I'm not sure which instrument Brown is using, but it's very likely something without adaptive optics. AO only works well over a small field of view (thought it's improving with multi-conjugate systems), so survey telescopes don't have them.

And even when using an instrument with AO, seeing still matters. There's limits to what AO can do, so the best data is obtained in good seeing conditions.

Heís using the Subaru Telescope out in Hawaii.

Offline mikelepage

I guess for this super earth [its Hill sphere] would be absurdly larger? Has there been any discussion of how this could affect the sort of moon system it could have?

According to Wikipedia the radius of a planet's Hill sphere is approximately a x (1-e) x cube root of m/3M, where a is the semi-major axis, e the orbital eccentricity, m the planet mass and M the mass of the Sun. For Planet Nine, a is approx 25 times that of Neptune; 1-e approximately 0.4 times and the cube root of m approximately 0.8 times. This gives a Hill radius approximately eight times that of Neptune (930 million kilometers - 6.2 AU! - versus 116 million kilometers).

As for the effect on any moon system, it would mean that a much more expansive moon system would be possible (Neptune's furthest moon (Neso) is at 50 million kilometers). However, it would seem likely that any initial moons would have been lost in the process of Planet Nine attaining its present orbit and the chances of it meeting, let alone capturing, any objects would be very low!
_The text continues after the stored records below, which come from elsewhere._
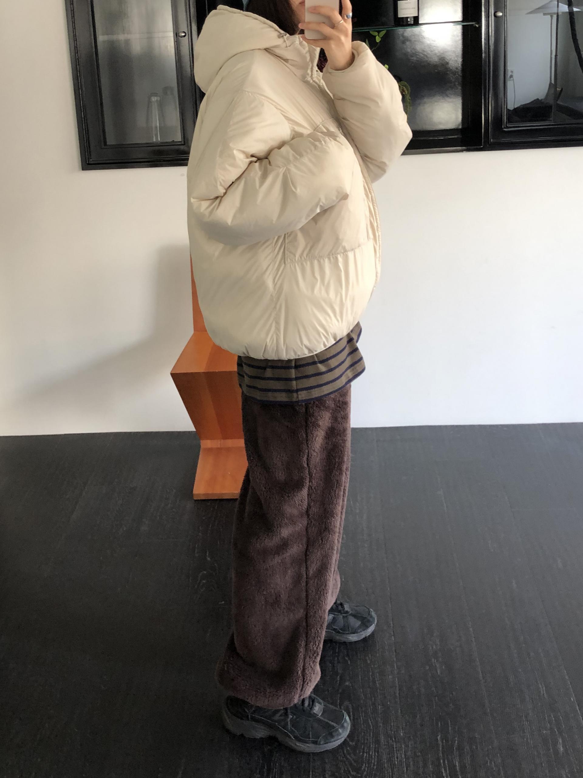 보기에는 헤비한 실루엣이지만 가벼운 착용감도 한 몫 합니다. 움직이거나 하는데에 불편함이 전혀 없어서 여행지에서도 편하게 입기 좋을 것 같아요. 보온력은 물론 겨울의 포근한 무드를 쉽게 연출할 수 있는 팬츠예요. 특히나 추위에 약하신 분들께 고민없이 추천드립니다.. !!
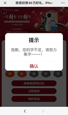 1、集齊x字可獲得1次抽獎(jiǎng)機(jī)會(huì);
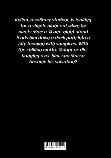 Kellan, a solitary student, is looking for a simple night out when he meets Marco. A one-night stand leads him down a dark path into a city teeming with vampires. With the chilling motto, 'Adapt or die,' hanging over him, can Marco become his salvation?

Shoemaker-Levy 9 was shredded through a previous interaction with Jupiter before it finally crashed.  I wonder if it's not a bit premature to say any initial moons would definitely have been "lost" by the ejection event.

Hard to say with any certainty until we find it, but perhaps any such moons could have been kept (although tidally disrupted) through the event that ejected planet nine.  Perhaps we'll find an extensive ring system, or (my fanciful hope) a large liquid water "ocean moon" in an orbit conducive to tidal heating.